Your answer must be an exact repeat of the lines from the one containing "Leśne rozdanie: Alpy" through the last line of the records, both included, with no pictures.
==*==
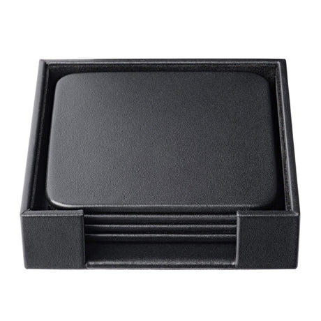 Dacasso Black Leather 4 Square Coaster Set w/ Holder
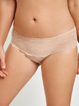 Бикини комфортной посадки с комбинированной спинкой. По поясу и ножке со стороны переда обработка резинкой с фестоном. На детали переда - небольшой атласный бант.
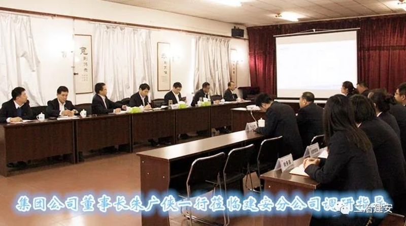 12月22日下午,集团公司党委书记、董事长朱广侠一行莅临建安分公司调研指导工作。集团公司总经理高文华、总会计师吴金玉及人力资源部部长高盟、办公室主任韩国强、计划财务部部长刘国君、企业策划与管理部部长张继勇陪同。
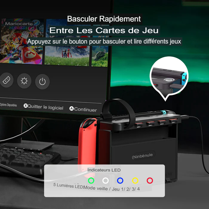 • Changement de Jeu en un Seul Bouton : En insérant les cartes de jeu dans les emplacements de lecture de cartes de jeu 1 à 4, les utilisateurs peuvent utiliser le bouton de commutation LED sur l'appareil pour changer rapidement entre les jeux.
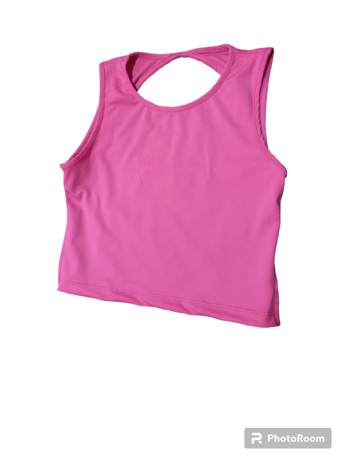 Top fucsia abierto en la espalda con dos tiritas, talle único.
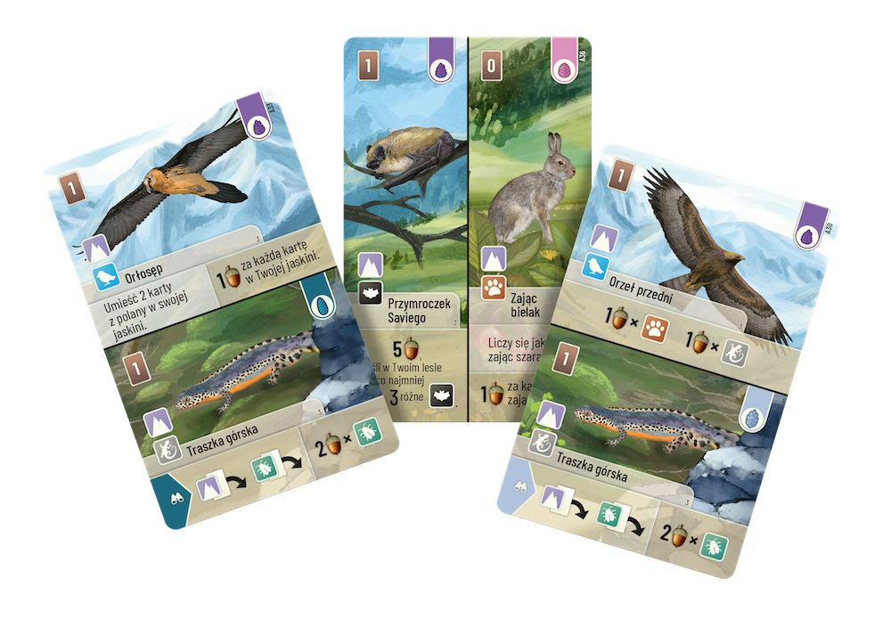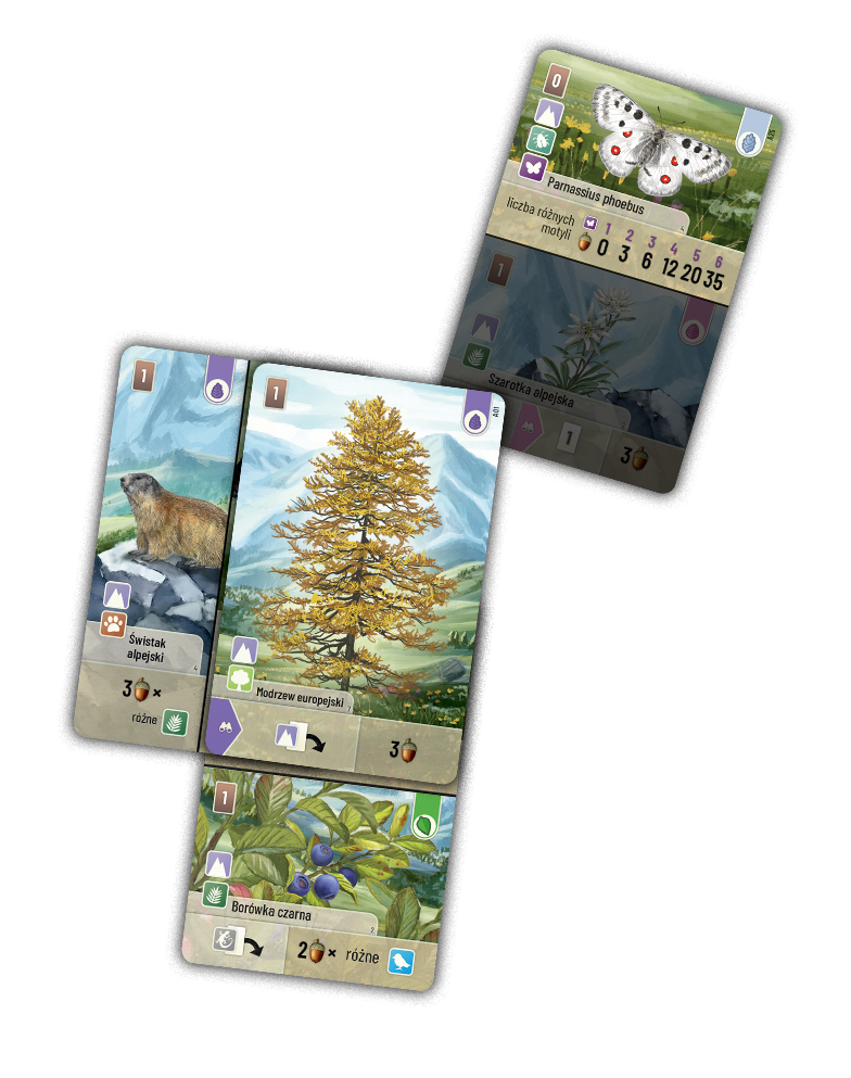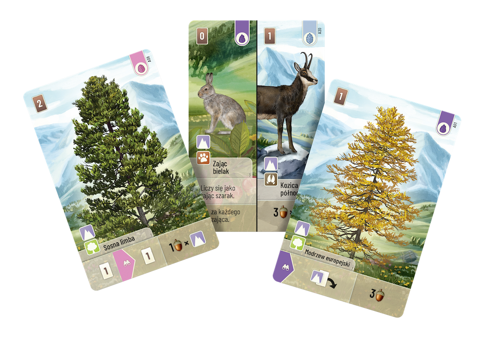 Leśne rozdanie: Alpy to rozszerzenie wprowadzające 36 zupełnie nowych, przepięknie ilustrowanych kart z alpejską fauną i florą. Znajdziesz wśród nich 2 dodatkowe gatunki drzew, nowy rodzaj motyla oraz zwierzęta, rośliny i grzyby, które urozmaicą Twoje rozgrywki i pozwolą na wypróbowanie nowych strategii.
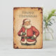 Sprid helgdag hälsar med vårt charmerande "Klassiskt julkort Jultomten Lycklig". Den här festliga designen har en glatt bild av Jultomten, klädd i hans ikonröda kostym och hatt. Med ett varmt leende och ett vänligt ögon överlämnar jultomten julglädjens anda och generositet. Hans grönt handskar och svarta bälte tillför en klassisk beröring till hans traditionella kläder. Kortet ställs in mot bakgrund av vintage-stil med ett varmt, texturerat parkeringsutseende, ge ett nostalgiskt och tidlöst intryck. Uttrycket "Lycklig jul" är elegant skrivet överst i vackra toner och kompletterar den övergripande estetiska vintagen. Det här kortet är perfekt för att skicka önskemål till vänner, familj eller kolleger under julhelgen.
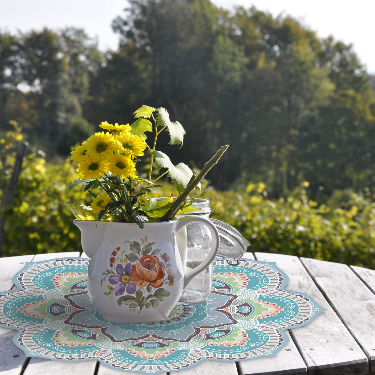 מפת פלייסמט מנדלה בגוונים פסטליים, הרמוניים, חתוכה צורנית
==*==
Task response
 Leśne rozdanie: Alpy to rozszerzenie wprowadzające 36 zupełnie nowych, przepięknie ilustrowanych kart z alpejską fauną i florą. Znajdziesz wśród nich 2 dodatkowe gatunki drzew, nowy rodzaj motyla oraz zwierzęta, rośliny i grzyby, które urozmaicą Twoje rozgrywki i pozwolą na wypróbowanie nowych strategii.
 Sprid helgdag hälsar med vårt charmerande "Klassiskt julkort Jultomten Lycklig". Den här festliga designen har en glatt bild av Jultomten, klädd i hans ikonröda kostym och hatt. Med ett varmt leende och ett vänligt ögon överlämnar jultomten julglädjens anda och generositet. Hans grönt handskar och svarta bälte tillför en klassisk beröring till hans traditionella kläder. Kortet ställs in mot bakgrund av vintage-stil med ett varmt, texturerat parkeringsutseende, ge ett nostalgiskt och tidlöst intryck. Uttrycket "Lycklig jul" är elegant skrivet överst i vackra toner och kompletterar den övergripande estetiska vintagen. Det här kortet är perfekt för att skicka önskemål till vänner, familj eller kolleger under julhelgen.
 מפת פלייסמט מנדלה בגוונים פסטליים, הרמוניים, חתוכה צורנית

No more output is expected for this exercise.